Sino al 2014, il paese vive una fase di boom che consente di sostenere una elevata spesa pubblica – utilizzata sia per realizzare programmi di lotta alla povertà che per aumentare il peso del settore statale nell’economia, mediante la creazione di imprese pubbliche o nazionalizzazione di quelle private, soprattutto in ambito petrolifero. Al tempo stesso, non vengono accantonate risorse – generate dal ciclo favorevole delle materie prime – da usare per stabilizzare le fasi recessive (come invece viene realizzato in Cile) o da investire nella esplorazione, produzione e raffinazione del greggio (Us Energy Information Administration). Non si cerca neppure di aumentare il grado di diversificazione del sistema produttivo. Oltre il 25 per cento del Pil rimane generato da attività svolte nell’industria degli idrocarburi, sostanzialmente nazionalizzata, che dà luogo al 96 per cento delle esportazioni totali.
Quando il ciclo favorevole delle materie prime ha termine, la dinamica del Pil inverte rapidamente la tendenza. L’economia entra in recessione, in conseguenza del crollo di consumi e investimenti privati. Le entrate fiscali calano mentre la spesa pubblica rimane (almeno inizialmente) elevata. Il deficit pubblico cresce a dismisura (nel 2016 il solo deficit primario raggiungerà il 23,4 per cento del Pil), così come quello di parte corrente (pari al 7,6 nel 2015 e solo al 6,6 per cento nel 2016, grazie – si fa per dire – al crollo delle importazioni, superiore negli ultimi 12 mesi al 40 per cento). Tranne che i beni di prima necessità si importa poco o nulla – anche perché manca la valuta pregiata (cioè i dollari), nonostante l’introduzione di un sistema di cambi multipli.
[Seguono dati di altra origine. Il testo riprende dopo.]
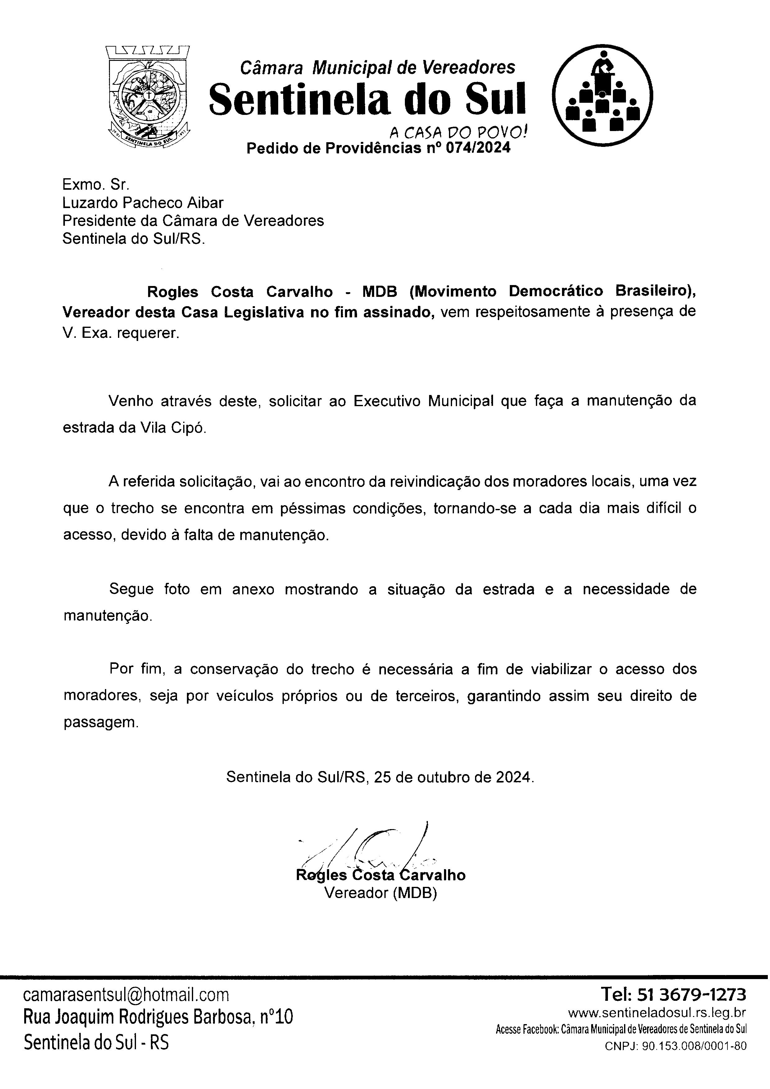 Pedido de Providências de autoria do Vereador Rogles Costa Carvalho

Le conseguenze sono a dir poco devastanti. Il mercato internazionale cessa di acquistare titoli governativi, anticipando la possibilità di un prossimo default. Il deficit pubblico viene così monetizzato spingendo rapidamente verso l’alto l’inflazione che, secondo il Fondo monetario, raggiungerà il 700 per cento nel 2016 e il 2.200 per cento nel 2017. Viene dichiarato lo stato di emergenza (almeno sino al 15 luglio).
Più in generale, (quasi) tutto l’intero sistema socio-economico entra in una situazione di stallo per la mancanza di energia – oltre che di beni importati. Le scuole vengono chiuse un giorno in anticipo. Nel settore pubblico la settimana lavorativa diventa di soli due giorni. Numerose imprese sono costrette a interrompere l’attività produttiva in conseguenza delle continue interruzioni nella fornitura di energia elettrica. Si tratta di un risultato per certi versi paradossale, considerando che il Venezuela vanta il più grande stock di riserve petrolifere al mondo. Ma in realtà la maggior parte dell’energia del paese è generata da centrali idroelettriche in questo momento inutilizzabili per via del basso livello di acqua accumulata all’interno dei principali bacini artificiali. Una condizione (quella meteorologica) che Maduro e i suoi seguaci difficilmente potranno attribuire – ricorrendo a una retorica ormai stucchevole, usata per giustificare tutti i risultati negativi degli ultimi mesi – alla “scellerata condotta della borghesia del paese”.